Hacker News new | ask | show | jobs
by saidajigumi 4866 days ago
Hive is not particularly fast in and of itself; it just has horizontal scaling and a SQL-ish front-end. Looking at AWS RedShift's homepage[1] (emphasis added):

> Amazon Redshift delivers fast query and I/O performance for virtually any size dataset by using columnar storage technology and parallelizing and distributing queries across multiple nodes.
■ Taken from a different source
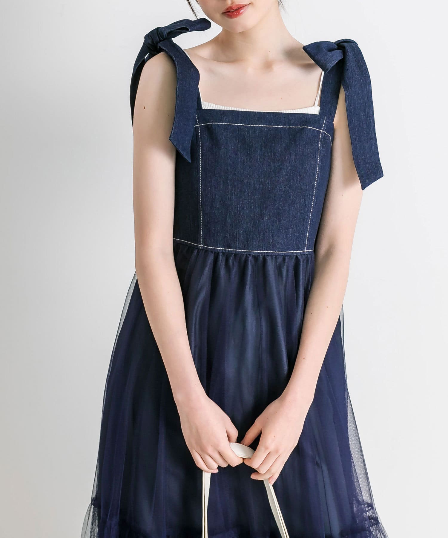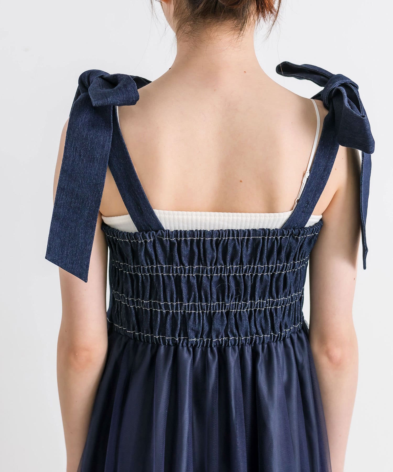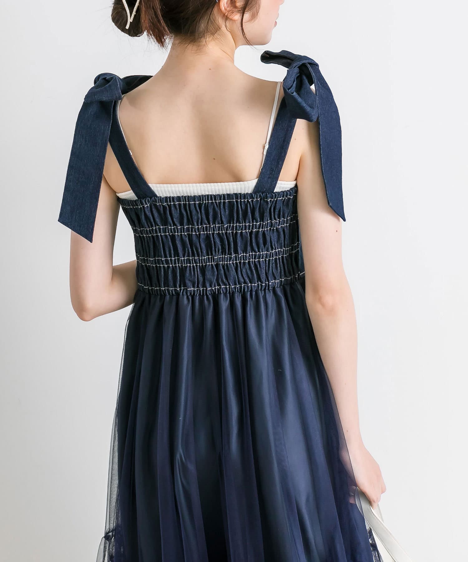 ・スカート部分がチュールになっておりトレンド要素たっぷりなキャミワンピース。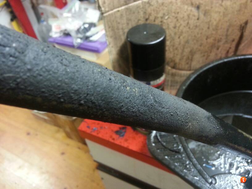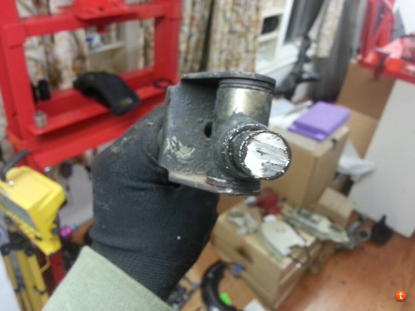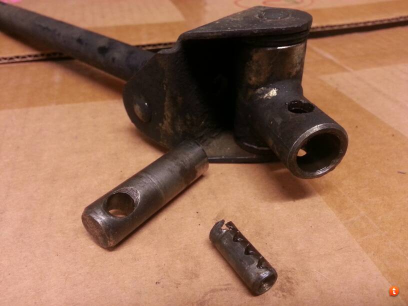 Tony took the link home and used a hydraulic press to get the roll pin out. Great success.

Column stores databases[2] can be screamingly fast for analytics operations compared to RDBMS or other DB types (ala assorted NoSQL). See Kdb[3] or MonetDB[4] for examples of specific implementations. I'd fully expect a competent column store designed for horizontal scaling to obliterate Hive for a wide range of problems.

The usual big-data caveat: you need to pay attention to the fit of your tools against your problem and your data. I don't expect RedShift to be any different. Still, it's pretty exciting to see a new analysis DB tech cropping up like this. And doubly interesting to see this coming from Amazon.

[1] https://aws.amazon.com/redshift/

[2] https://en.wikipedia.org/wiki/Column-oriented_DBMS

[3a] http://kx.com/kdb-plus.php

[3b] https://en.wikipedia.org/wiki/K_%28programming_language%29#K...

[4] http://www.monetdb.org/Home

1 comments

SAP HANA has a column store, and a row store, and does OLAP (Analytics) and OLTP.

There is a lot of new DB tech, Redshift doesn't seem particularly competitive at the moment unless you only need to use it a portion of the time, where Amazon excels.